Work to complete:
Every entry should be given again exactly, with nothing dropped.

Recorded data
↓
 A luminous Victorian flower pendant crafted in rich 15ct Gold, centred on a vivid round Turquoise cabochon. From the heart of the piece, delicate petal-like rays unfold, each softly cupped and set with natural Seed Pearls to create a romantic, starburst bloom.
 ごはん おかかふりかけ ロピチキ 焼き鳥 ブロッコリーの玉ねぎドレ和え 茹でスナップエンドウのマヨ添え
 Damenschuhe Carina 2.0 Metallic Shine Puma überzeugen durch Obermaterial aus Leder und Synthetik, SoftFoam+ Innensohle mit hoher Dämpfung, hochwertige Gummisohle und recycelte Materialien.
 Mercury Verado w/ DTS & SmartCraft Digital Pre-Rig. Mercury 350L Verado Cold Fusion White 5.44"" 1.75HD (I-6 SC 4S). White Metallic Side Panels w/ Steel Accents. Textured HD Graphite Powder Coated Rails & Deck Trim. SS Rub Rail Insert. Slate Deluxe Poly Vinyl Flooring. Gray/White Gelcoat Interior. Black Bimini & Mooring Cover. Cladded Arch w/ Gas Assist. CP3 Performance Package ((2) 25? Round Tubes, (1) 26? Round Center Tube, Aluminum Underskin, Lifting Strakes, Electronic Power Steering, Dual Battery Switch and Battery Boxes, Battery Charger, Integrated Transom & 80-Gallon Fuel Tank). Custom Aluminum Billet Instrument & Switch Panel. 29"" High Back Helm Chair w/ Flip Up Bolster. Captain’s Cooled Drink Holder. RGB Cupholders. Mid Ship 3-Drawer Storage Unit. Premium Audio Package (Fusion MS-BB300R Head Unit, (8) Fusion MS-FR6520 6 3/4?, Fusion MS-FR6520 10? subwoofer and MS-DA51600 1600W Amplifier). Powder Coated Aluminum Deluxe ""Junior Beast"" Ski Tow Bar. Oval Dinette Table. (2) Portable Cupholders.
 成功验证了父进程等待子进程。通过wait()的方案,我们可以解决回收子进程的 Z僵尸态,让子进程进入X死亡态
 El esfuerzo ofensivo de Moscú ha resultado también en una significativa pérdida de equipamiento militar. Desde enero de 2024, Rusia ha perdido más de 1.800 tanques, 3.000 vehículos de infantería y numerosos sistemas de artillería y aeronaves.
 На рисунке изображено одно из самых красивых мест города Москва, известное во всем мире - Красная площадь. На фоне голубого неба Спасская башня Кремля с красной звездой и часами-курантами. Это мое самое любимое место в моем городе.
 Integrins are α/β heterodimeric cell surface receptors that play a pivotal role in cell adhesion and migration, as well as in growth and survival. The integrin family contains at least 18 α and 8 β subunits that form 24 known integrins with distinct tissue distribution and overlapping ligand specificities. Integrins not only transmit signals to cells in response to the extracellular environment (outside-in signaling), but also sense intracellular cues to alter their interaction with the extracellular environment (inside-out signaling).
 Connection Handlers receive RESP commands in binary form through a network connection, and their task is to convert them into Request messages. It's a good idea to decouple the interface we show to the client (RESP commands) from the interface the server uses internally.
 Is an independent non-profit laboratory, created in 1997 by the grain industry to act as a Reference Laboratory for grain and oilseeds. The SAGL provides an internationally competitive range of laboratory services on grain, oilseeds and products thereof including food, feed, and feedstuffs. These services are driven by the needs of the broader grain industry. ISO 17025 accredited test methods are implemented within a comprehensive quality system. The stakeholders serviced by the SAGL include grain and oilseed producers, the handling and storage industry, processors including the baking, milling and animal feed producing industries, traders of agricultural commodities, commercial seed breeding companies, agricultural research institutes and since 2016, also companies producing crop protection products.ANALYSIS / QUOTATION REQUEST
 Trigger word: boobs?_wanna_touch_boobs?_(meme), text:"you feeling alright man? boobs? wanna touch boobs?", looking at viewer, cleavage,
↑
Answer to this task:
 A luminous Victorian flower pendant crafted in rich 15ct Gold, centred on a vivid round Turquoise cabochon. From the heart of the piece, delicate petal-like rays unfold, each softly cupped and set with natural Seed Pearls to create a romantic, starburst bloom.
 ごはん おかかふりかけ ロピチキ 焼き鳥 ブロッコリーの玉ねぎドレ和え 茹でスナップエンドウのマヨ添え
 Damenschuhe Carina 2.0 Metallic Shine Puma überzeugen durch Obermaterial aus Leder und Synthetik, SoftFoam+ Innensohle mit hoher Dämpfung, hochwertige Gummisohle und recycelte Materialien.
 Mercury Verado w/ DTS & SmartCraft Digital Pre-Rig. Mercury 350L Verado Cold Fusion White 5.44"" 1.75HD (I-6 SC 4S). White Metallic Side Panels w/ Steel Accents. Textured HD Graphite Powder Coated Rails & Deck Trim. SS Rub Rail Insert. Slate Deluxe Poly Vinyl Flooring. Gray/White Gelcoat Interior. Black Bimini & Mooring Cover. Cladded Arch w/ Gas Assist. CP3 Performance Package ((2) 25? Round Tubes, (1) 26? Round Center Tube, Aluminum Underskin, Lifting Strakes, Electronic Power Steering, Dual Battery Switch and Battery Boxes, Battery Charger, Integrated Transom & 80-Gallon Fuel Tank). Custom Aluminum Billet Instrument & Switch Panel. 29"" High Back Helm Chair w/ Flip Up Bolster. Captain’s Cooled Drink Holder. RGB Cupholders. Mid Ship 3-Drawer Storage Unit. Premium Audio Package (Fusion MS-BB300R Head Unit, (8) Fusion MS-FR6520 6 3/4?, Fusion MS-FR6520 10? subwoofer and MS-DA51600 1600W Amplifier). Powder Coated Aluminum Deluxe ""Junior Beast"" Ski Tow Bar. Oval Dinette Table. (2) Portable Cupholders.
 成功验证了父进程等待子进程。通过wait()的方案,我们可以解决回收子进程的 Z僵尸态,让子进程进入X死亡态
 El esfuerzo ofensivo de Moscú ha resultado también en una significativa pérdida de equipamiento militar. Desde enero de 2024, Rusia ha perdido más de 1.800 tanques, 3.000 vehículos de infantería y numerosos sistemas de artillería y aeronaves.
 На рисунке изображено одно из самых красивых мест города Москва, известное во всем мире - Красная площадь. На фоне голубого неба Спасская башня Кремля с красной звездой и часами-курантами. Это мое самое любимое место в моем городе.
 Integrins are α/β heterodimeric cell surface receptors that play a pivotal role in cell adhesion and migration, as well as in growth and survival. The integrin family contains at least 18 α and 8 β subunits that form 24 known integrins with distinct tissue distribution and overlapping ligand specificities. Integrins not only transmit signals to cells in response to the extracellular environment (outside-in signaling), but also sense intracellular cues to alter their interaction with the extracellular environment (inside-out signaling).
 Connection Handlers receive RESP commands in binary form through a network connection, and their task is to convert them into Request messages. It's a good idea to decouple the interface we show to the client (RESP commands) from the interface the server uses internally.
 Is an independent non-profit laboratory, created in 1997 by the grain industry to act as a Reference Laboratory for grain and oilseeds. The SAGL provides an internationally competitive range of laboratory services on grain, oilseeds and products thereof including food, feed, and feedstuffs. These services are driven by the needs of the broader grain industry. ISO 17025 accredited test methods are implemented within a comprehensive quality system. The stakeholders serviced by the SAGL include grain and oilseed producers, the handling and storage industry, processors including the baking, milling and animal feed producing industries, traders of agricultural commodities, commercial seed breeding companies, agricultural research institutes and since 2016, also companies producing crop protection products.ANALYSIS / QUOTATION REQUEST
 Trigger word: boobs?_wanna_touch_boobs?_(meme), text:"you feeling alright man? boobs? wanna touch boobs?", looking at viewer, cleavage,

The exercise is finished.